Thames Valley & Solent: EY responds to Autumn Statement

Published by
TBM Team

Gareth Anderson, tax partner at EY in the Thames Valley and Solent, comments on the Autumn Statement:

Extension of the FLS scheme

“The combination of GDP growth and low interest rates means that the appetite for investment and lending is picking up. The Government guarantee for bank lending, extending the FLS and focusing it on SMEs is a positive step in the right direction. The announcement will see banks being able to draw £5 of cheap credit for every £1 that they lend to smaller firms in the coming year, which should go some way in realigning the dynamic between risk and profitability for banks as they look to lend to smaller SMEs.”
 
One step forward but how many steps back on R&D tax relief

“While the chancellor focused on the good news story of the £40 million increase in the headline rates for both the SME and large business R&D tax credit, the changes to what qualifies for the credit represents a significant turnaround. The industry has worked hard with the Government to ensure that the regime delivers a real incentive and today’s (December 3) change threatens to undermine confidence in the process. However, it is very disappointing that the Government has decided to do a U-turn in relation to consumable items incorporated in products that are sold. Many claimants will recall that the Government widened the ‘production guidelines’ in August 2011 to include consumables as qualifying even if they were incorporated in a product that was subsequently sold. Although the net effect of this reversal and the increase in rate is a £20m net increase in the incentive, the impact of the U-turn may well have the biggest impact.”
 
Draining the well of tax avoidance

“The chancellor’s Autumn Statement will raise almost £9 billion from tackling the so called 'tax avoidance, tax planning and fairness', but over a third of this will come from restricting the ability of the banks to utilise the losses suffered during the financial crisis. This will be a concern for many businesses as it breaches a long-held principle that companies should get relief for the costs they incur as they accrue."

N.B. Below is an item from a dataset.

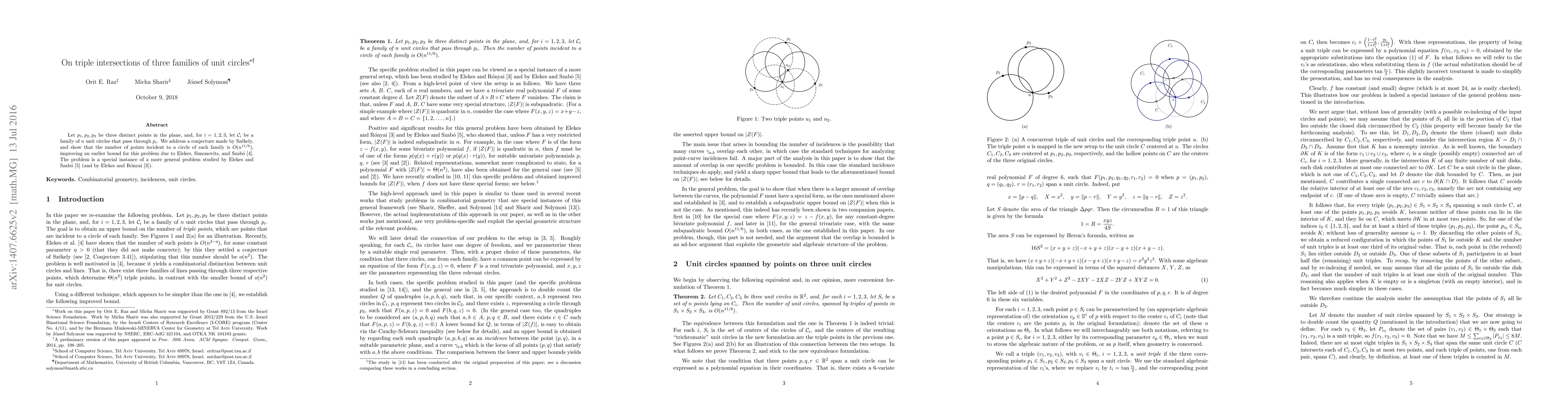 Let $p_1,p_2,p_3$ be three distinct points in the plane, and, for $i=1,2,3$, let $\mathcal C_i$ be a family of $n$ unit circles that pass through $p_i$. We address a conjecture made by Sz\'ekely, and show that the number of points incident to a circle of each family is $O(n^{11/6})$, improving an earlier bound for this problem due to Elekes, Simonovits, and Szab\'o [Combin. Probab. Comput., 2009]. The problem is a special instance of a more general problem studied by Elekes and Szab\'o [Combinatorica, 2012] (and by Elekes and R\'onyai [J. Combin. Theory Ser. A, 2000]).

Foot on the accelerator for UK infrastructure but will financing and the supply chain catch up?

“Infrastructure is key to the UK’s economic competitiveness and so the raft of projects announced is long overdue. It is now essential these projects receive long-term support across the political spectrum through the National Infrastructure Plan and the Armitt Review, which calls for an independent National Infrastructure Commission. However, there are two major issues that may prove to be stumbling blocks for the Government in making this ambition a reality. Firstly, the issue of funding still needs to be addressed and the other major issue is with supply chain.

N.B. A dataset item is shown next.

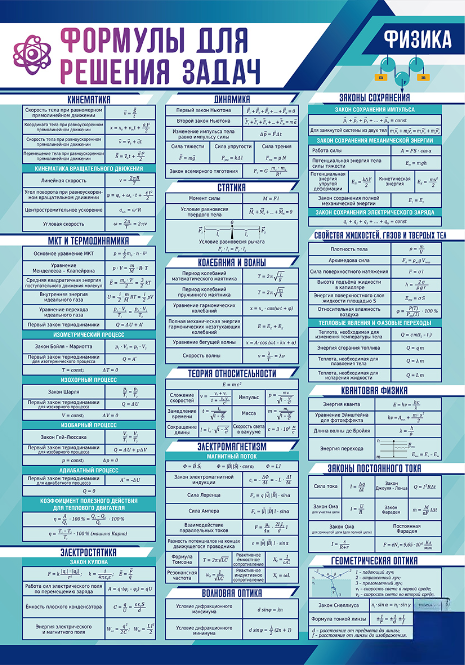 Главная Каталог Стенды Кабинеты Физика Стенд "Формулы для решения задач по физике" Вариант 1

“The Government needs to consider how to maximise the economic benefit for the UK. It could end up shooting itself in the foot if these projects are awarded to foreign contractors because the Government perceives that there is insufficient capacity or skills in the UK construction industry to deliver on the scale demanded.

“There needs to be a renewed focus on supporting all industries in the infrastructure supply chain, from construction to engineering, to ensure the benefits are reaped for the UK plc.”